Claire Corey and I will be speaking at dorkbot-nyc ("people doing strange things with electricity") on Wednesday, November 3. Matt Hall and John Watkinson are also on the program. It's the day after election day and the mood is either going to be upbeat, or...well, you know. I'll be posting notes as the event approaches, but I like this phrasing of Claire's, describing her practice as a digital painter: "This hybrid medium questions both what is expected from works made with a computer as well as what constitutes painting."
I've been thinking something along those lines in connection Jason Salavon's "100,000 Abstract Paintings," AKA Golem, where he wrote a software program that encoded parameters (size of brushstroke, color, etc) but also painterly qualities derived from studying the moves of Diebenkorn, Richter, and others. There is a dual critique there. What do we expect the computer to be able to do for us? Assemble cars? Play chess? Paint? Which tasks are necessarily "automatable" and which shouldn't be delegated? But also, what are attributes constituting "good painting" these days?
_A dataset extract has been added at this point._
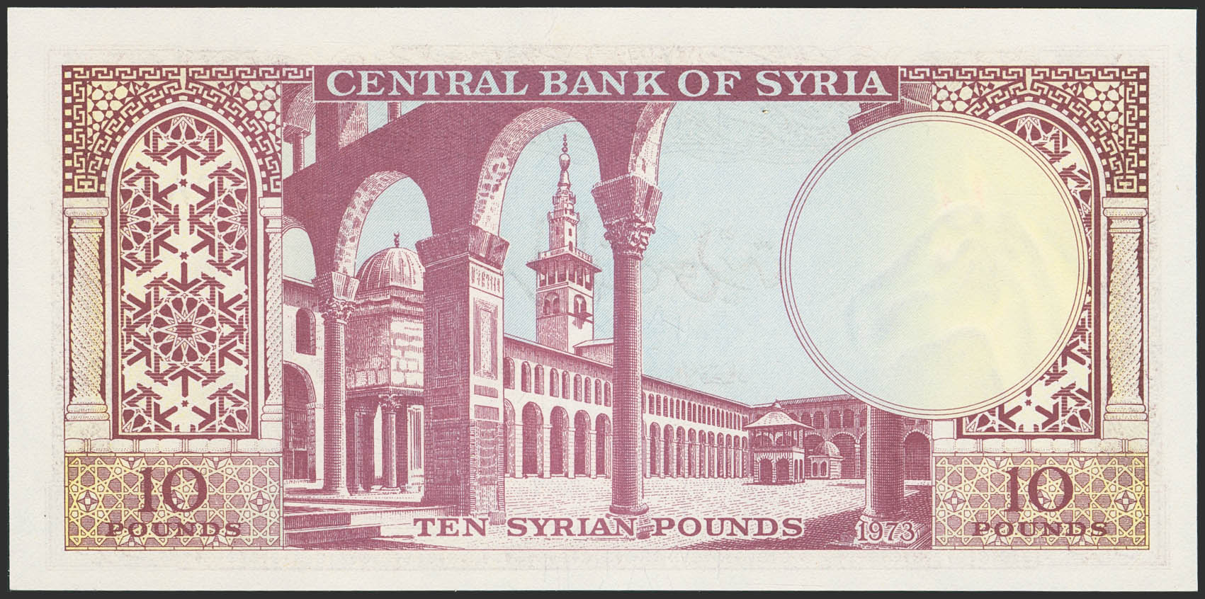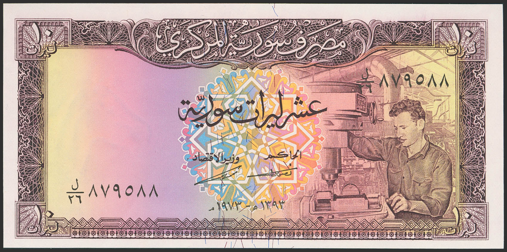 SYRIA. 10 Syrian Pounds. 1973. Central Bank. (Pick: 95c). 2 Count marks. Less than Uncirculated.

If they're so quantifiable a machine can recreate them, are they really "good"? The critique is more obvious and pointed if you're talking about actually writing a program that does this (and I've seen Salavon's paintings and they're actually pretty "good") but it also applies to those of us just using the machine to make paintings: Claire, me, Millree Hughes... A curated show setting out these issues would be enormously helpful.
tom....did you get this?...[email]
Yes, thanks, I just sent you an email.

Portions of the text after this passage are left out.